At the initial briefing for the design, I was told that the festival – like many arts organisations in the current climate – was working on a very tight budget and that there was limited money to spend on marketing material. I suggested various ways that the organisation could save money, including working within the template and layout that I designed for the previous year’s posters rather than developing a whole new design.
Unlike in previous years, when the design featured different images from festival performances across a series of posters, this iteration used a single key image. The festival commissioned an illustrator, Yifei Xiang, to produce an illustration to encapsulate the ideas and themes behind the festival. I collaborated with the illustrator from an early stage to make sure that the format of the illustration fitted the template that I had set up.
Working with a palette of colours taken from Yifei’s illustration I developed a design for the poster that used a coloured gradient background that connected to the gradients that appear in the illustrator’s work. I faded the illustration in to the background colour with the Manipulate Festival logo layered over the top as in the previous year’s poster.

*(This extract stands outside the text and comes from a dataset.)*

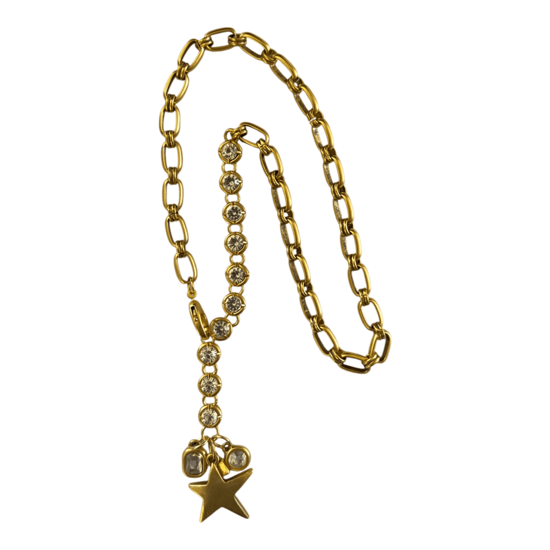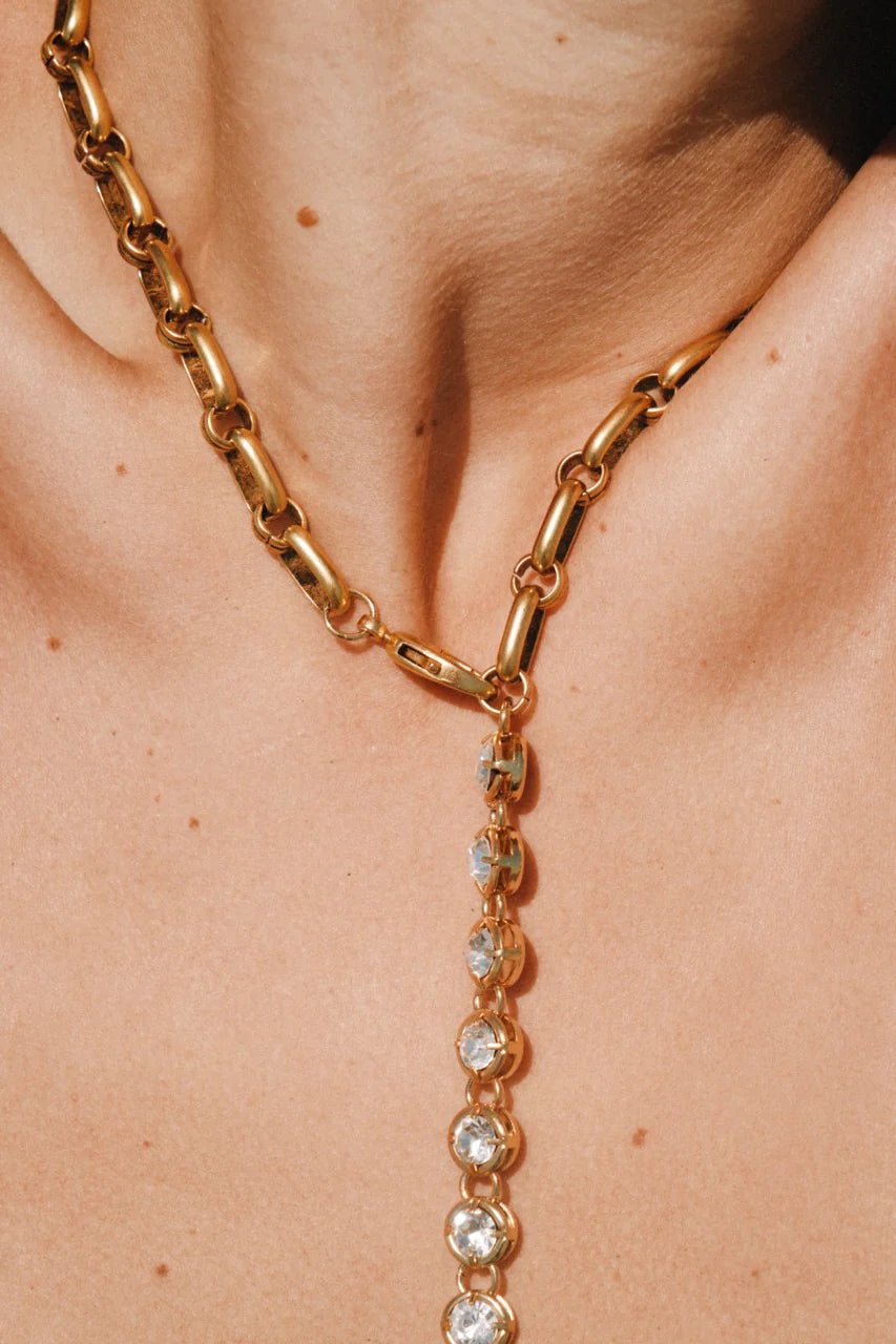 Leon seamlessly marries 12k antiqued gold plated brass crystals, 12k antiqued gold plated brass oval multi-ring chain and 12k antiqued gold plated pewter charms. At 19" total, Leon is flexible in how she can be worn. The swivel lobster clasp can be fastened anywhere on the chain. Play around! Have fun!!!

The layout and design of the poster was then adapted for other marketing material that I designed, including: a printed programme guide; press advertisements; posters of different sizes and shapes; and digital assets. I am pleased to say that this rational approach to designing the marketing material, working with the illustrator at the commissioning stage, and using the basic template from the previous year, meant that the design of the marketing material came within budget, yet still produced a distinct suite of materials to showcase the festival.